▸ **PROBLEM REQUIREMENTS**:
Without including any pictures, retype exactly the lines from the top of the records through the line containing "9月29日,由浙江省委宣传部", that final line included.

▸ **Stored data entries**:

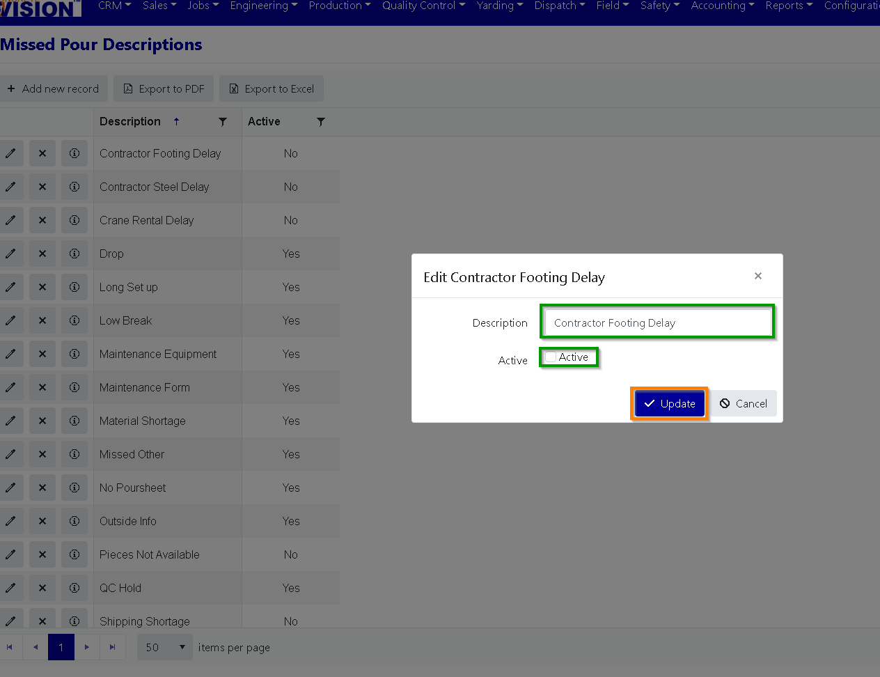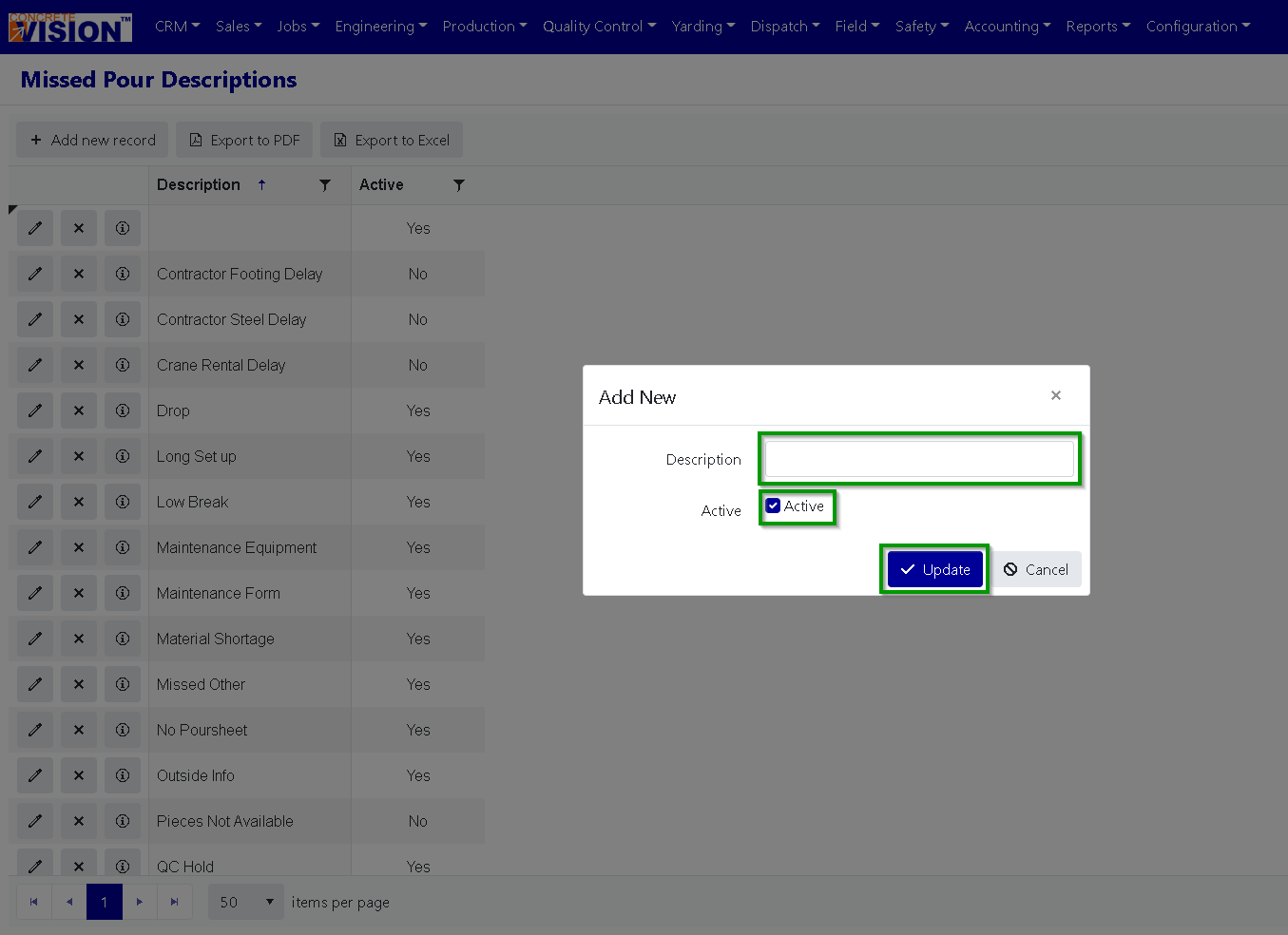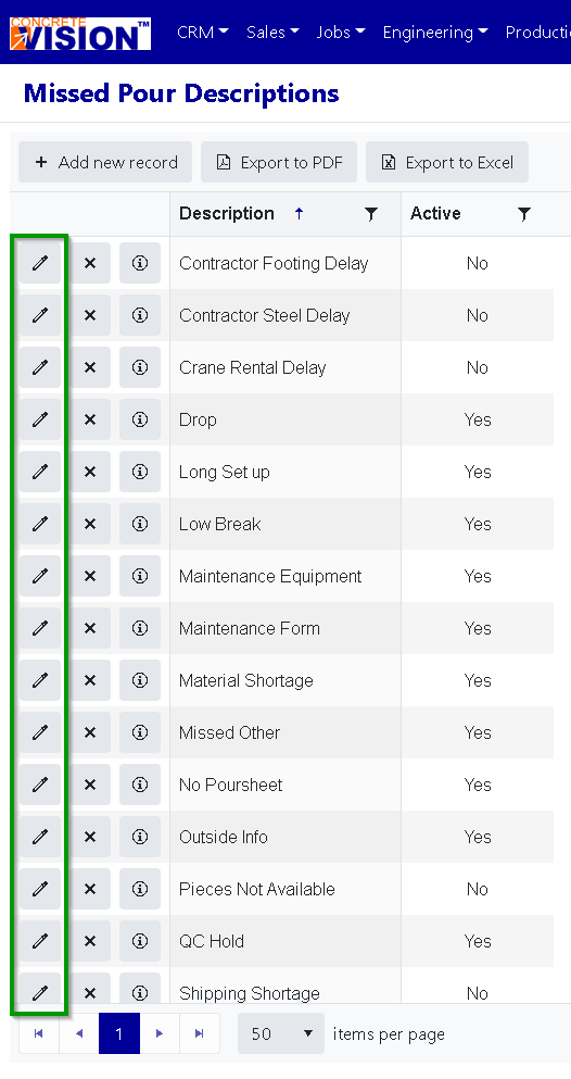 Click on the "edit" button to the left of the Missed Pour Descriptions you'd like to edit (Green box in Figure 7). That will open the Missed Pour Description Edit modal (see Figure 8).
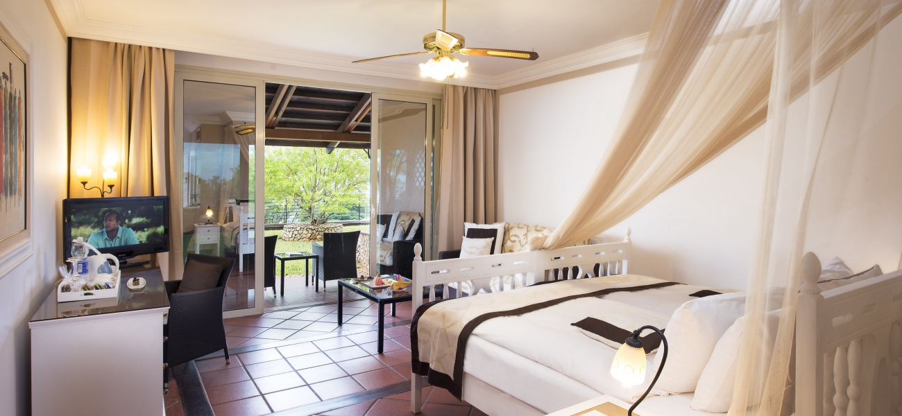 Junior Suite, con vista mare, terrazza privata e accesso diretto al giardino. Servizi interni indentici alle double room.
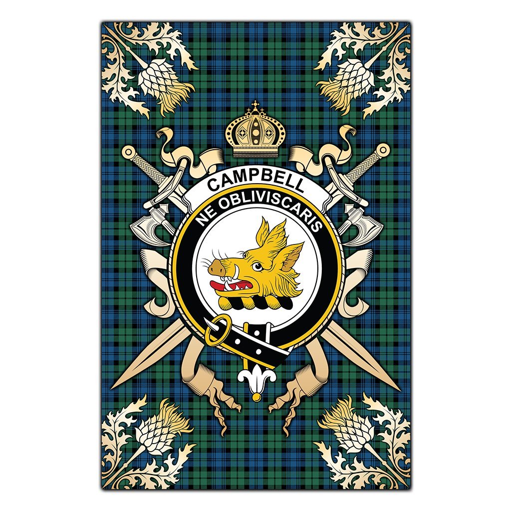 Campbell Ancient 02 Tartan Crest Black Garden Flag - Gold Thistle Style
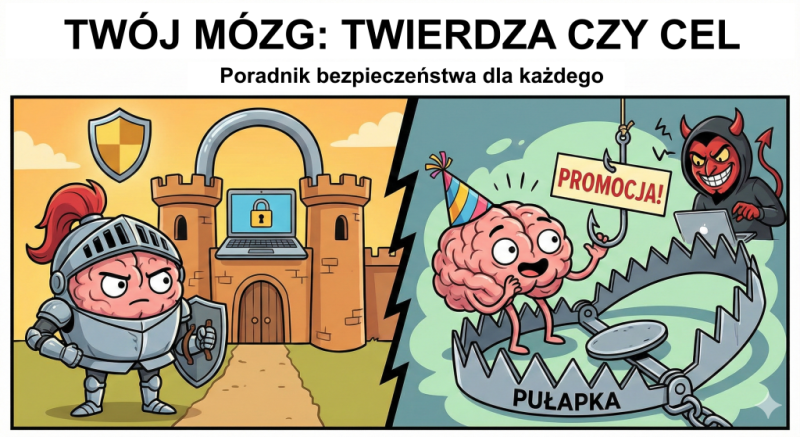 Czy zastanawiali się Państwo kiedyś, dlaczego inteligentne i ostrożne osoby dają się nabrać na proste sztuczki oszustów? Odpowiedź nie kryje się w braku wiedzy technicznej, ale w budowie naszego mózgu. To nie technologia jest najsłabszym ogniwem bezpieczeństwa – jest nim mechanizm, który miliony lat temu pozwalał nam przetrwać, a dziś bywa wykorzystywany przeciwko nam.
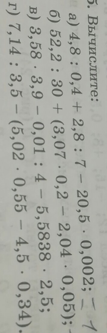4,8 / 0,4 + 2,8/7 - 20,5*0,002= 1,2+0,4-0,041=1,559
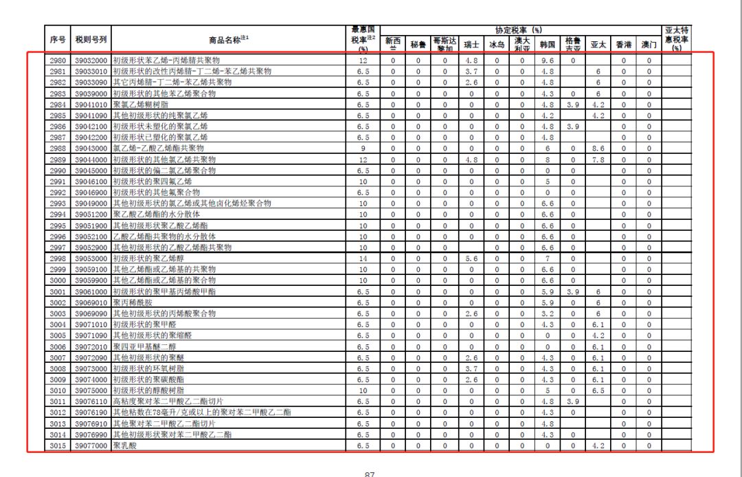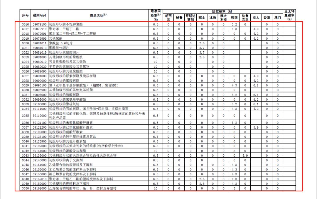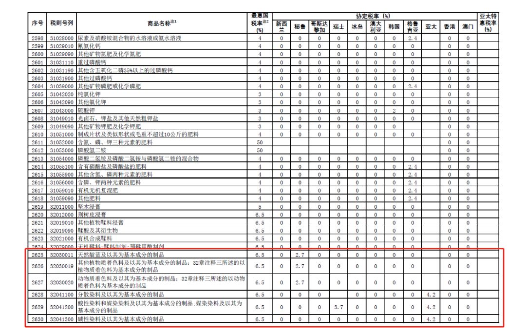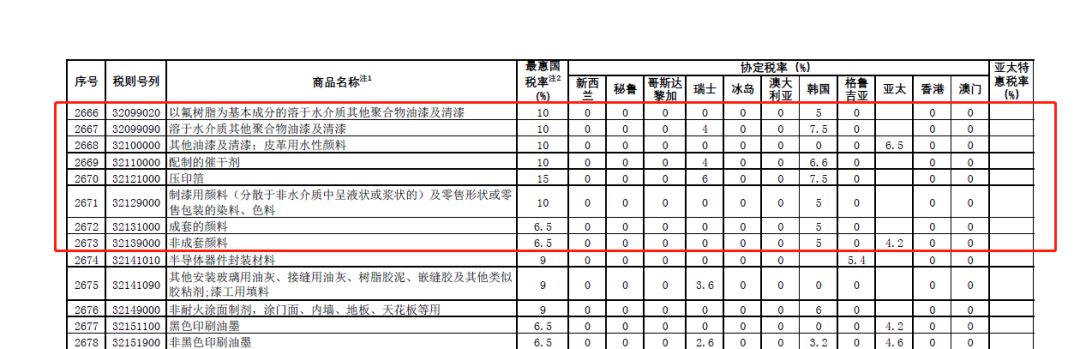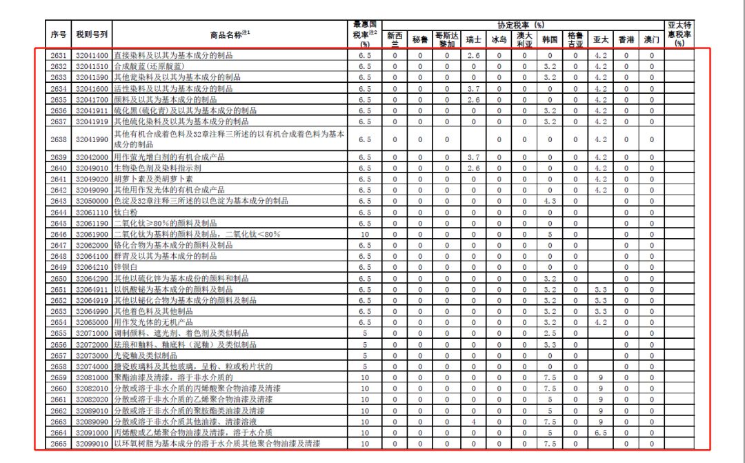 其中近百项进口货物对新西兰、秘鲁、冰岛、澳大利亚、香港、澳门等地实施零关税,对瑞士、韩国及亚太贸易协定国家实施最高不超过10%的低进口关税,包括部分涂料上下游产品,详见下图。
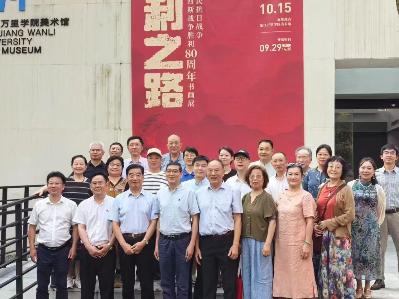 9月29日,由浙江省委宣传部指导,浙江省新四军历史研究会、浙江万里学院共同主办的“胜利之路”——纪念中国人民抗日战争暨世界反法西斯战争胜利80周年书画作品展在浙江万里学院隆重开幕。浙江省新四军历史研究会常务副会长宋光宝、副会长兼书画院长骆振龙,浙江万里教育集团董事总裁林良富、党委书记王伟忠,宁波市新四军历史研究会会长王建社等领导出席,省新四军历史研究会、浙江万里学院有关部门领导,以及浙江万里学院师生代表等100余人参加开幕式。
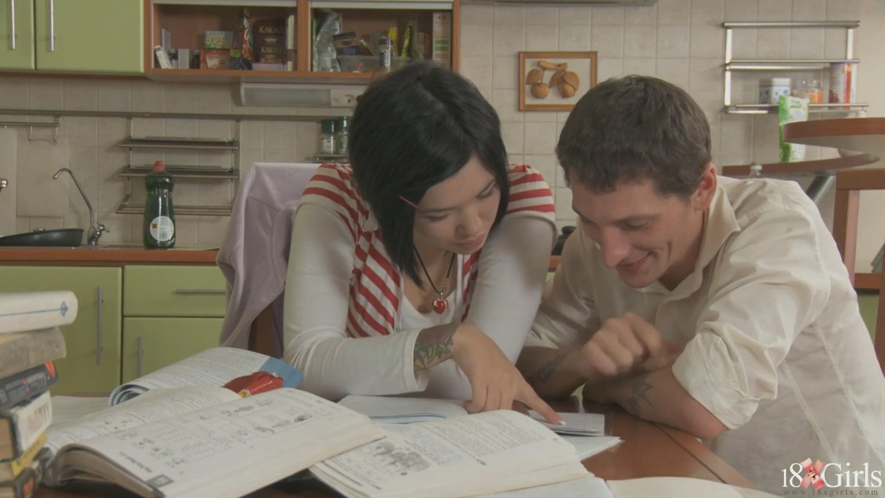 Азиаточка решила слегка сэкономить и подтянуть свою историю с помощью репетитора, который являлся ее знакомым. Естественно, что такие люди обычно не соглашаются работать ниже рынка, поэтому у парня должны быть и другие причины, чтобы с ней заниматься. Он уже пару лет как подкатывал к ней и хотел трахнуть, и сегодня для него сошлись звезды. Так что позанимавшись с ней для приличия пол часика, он уже начал мацать ее попку рукой, но ее хватило отказывать ему всего три раза. После этого он и в рот ей насовал, и в киску, и конечно же банально доминировал.

▸ **ANSWER BOX**:
 Click on the "edit" button to the left of the Missed Pour Descriptions you'd like to edit (Green box in Figure 7). That will open the Missed Pour Description Edit modal (see Figure 8).
 Junior Suite, con vista mare, terrazza privata e accesso diretto al giardino. Servizi interni indentici alle double room.
 Campbell Ancient 02 Tartan Crest Black Garden Flag - Gold Thistle Style
 Czy zastanawiali się Państwo kiedyś, dlaczego inteligentne i ostrożne osoby dają się nabrać na proste sztuczki oszustów? Odpowiedź nie kryje się w braku wiedzy technicznej, ale w budowie naszego mózgu. To nie technologia jest najsłabszym ogniwem bezpieczeństwa – jest nim mechanizm, który miliony lat temu pozwalał nam przetrwać, a dziś bywa wykorzystywany przeciwko nam.
4,8 / 0,4 + 2,8/7 - 20,5*0,002= 1,2+0,4-0,041=1,559
 其中近百项进口货物对新西兰、秘鲁、冰岛、澳大利亚、香港、澳门等地实施零关税,对瑞士、韩国及亚太贸易协定国家实施最高不超过10%的低进口关税,包括部分涂料上下游产品,详见下图。
 9月29日,由浙江省委宣传部指导,浙江省新四军历史研究会、浙江万里学院共同主办的“胜利之路”——纪念中国人民抗日战争暨世界反法西斯战争胜利80周年书画作品展在浙江万里学院隆重开幕。浙江省新四军历史研究会常务副会长宋光宝、副会长兼书画院长骆振龙,浙江万里教育集团董事总裁林良富、党委书记王伟忠,宁波市新四军历史研究会会长王建社等领导出席,省新四军历史研究会、浙江万里学院有关部门领导,以及浙江万里学院师生代表等100余人参加开幕式。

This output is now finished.